### Data under study
──────

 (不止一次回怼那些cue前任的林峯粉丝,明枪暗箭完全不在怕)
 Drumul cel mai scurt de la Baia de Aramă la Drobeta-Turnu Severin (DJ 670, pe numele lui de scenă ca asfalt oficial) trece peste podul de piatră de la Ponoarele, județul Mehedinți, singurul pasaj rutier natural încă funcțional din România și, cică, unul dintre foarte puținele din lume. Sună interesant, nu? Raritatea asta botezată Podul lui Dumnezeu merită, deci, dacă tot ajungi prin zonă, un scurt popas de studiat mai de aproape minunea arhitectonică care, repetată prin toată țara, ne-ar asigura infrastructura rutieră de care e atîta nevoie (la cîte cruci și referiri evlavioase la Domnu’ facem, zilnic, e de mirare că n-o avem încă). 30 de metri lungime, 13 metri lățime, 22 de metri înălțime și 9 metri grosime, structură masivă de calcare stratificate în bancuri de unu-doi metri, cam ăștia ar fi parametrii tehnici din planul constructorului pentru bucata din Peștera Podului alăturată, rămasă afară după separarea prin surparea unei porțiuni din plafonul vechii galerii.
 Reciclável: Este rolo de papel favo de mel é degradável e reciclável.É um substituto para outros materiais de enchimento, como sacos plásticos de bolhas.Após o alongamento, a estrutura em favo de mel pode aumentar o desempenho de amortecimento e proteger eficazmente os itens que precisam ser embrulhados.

──────

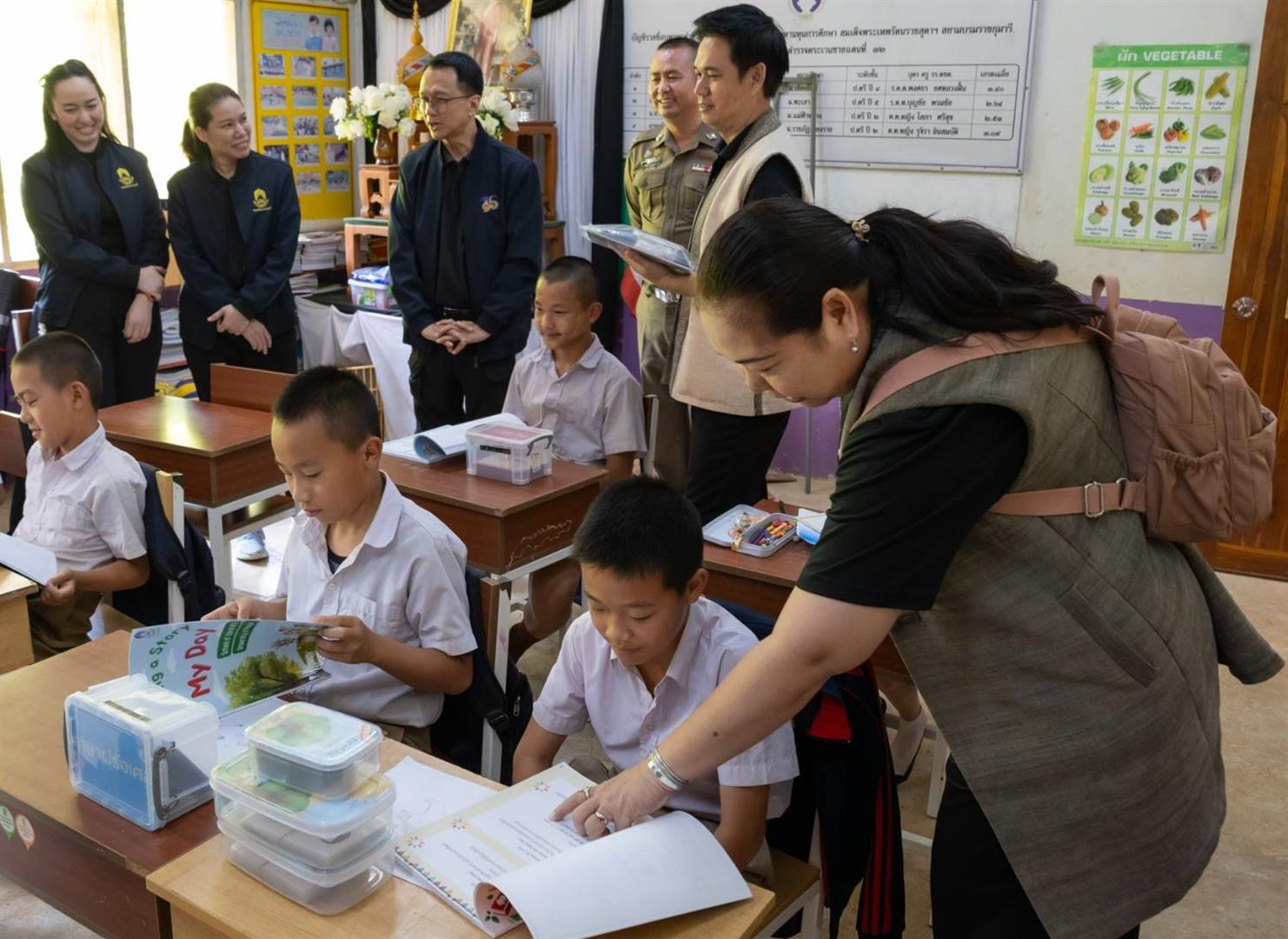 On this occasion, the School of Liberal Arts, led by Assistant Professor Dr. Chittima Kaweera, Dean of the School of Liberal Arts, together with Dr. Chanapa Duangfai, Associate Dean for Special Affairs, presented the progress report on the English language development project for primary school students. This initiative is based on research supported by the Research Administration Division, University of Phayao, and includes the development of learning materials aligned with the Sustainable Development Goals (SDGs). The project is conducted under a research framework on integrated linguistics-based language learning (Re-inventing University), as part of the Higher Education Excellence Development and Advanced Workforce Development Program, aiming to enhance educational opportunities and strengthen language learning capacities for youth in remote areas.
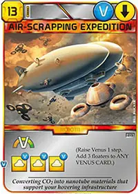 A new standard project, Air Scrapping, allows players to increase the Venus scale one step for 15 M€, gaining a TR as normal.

──────

### To do
All lines above from the one holding "(不止一次回怼那些cue前任的林峯粉丝,明枪暗箭完全不在怕)" to the one holding "Reciclável: Este rolo", inclusive, are to be copied exactly; no other line is wanted.

### Result of the exercise
 (不止一次回怼那些cue前任的林峯粉丝,明枪暗箭完全不在怕)
 Drumul cel mai scurt de la Baia de Aramă la Drobeta-Turnu Severin (DJ 670, pe numele lui de scenă ca asfalt oficial) trece peste podul de piatră de la Ponoarele, județul Mehedinți, singurul pasaj rutier natural încă funcțional din România și, cică, unul dintre foarte puținele din lume. Sună interesant, nu? Raritatea asta botezată Podul lui Dumnezeu merită, deci, dacă tot ajungi prin zonă, un scurt popas de studiat mai de aproape minunea arhitectonică care, repetată prin toată țara, ne-ar asigura infrastructura rutieră de care e atîta nevoie (la cîte cruci și referiri evlavioase la Domnu’ facem, zilnic, e de mirare că n-o avem încă). 30 de metri lungime, 13 metri lățime, 22 de metri înălțime și 9 metri grosime, structură masivă de calcare stratificate în bancuri de unu-doi metri, cam ăștia ar fi parametrii tehnici din planul constructorului pentru bucata din Peștera Podului alăturată, rămasă afară după separarea prin surparea unei porțiuni din plafonul vechii galerii.
 Reciclável: Este rolo de papel favo de mel é degradável e reciclável.É um substituto para outros materiais de enchimento, como sacos plásticos de bolhas.Após o alongamento, a estrutura em favo de mel pode aumentar o desempenho de amortecimento e proteger eficazmente os itens que precisam ser embrulhados.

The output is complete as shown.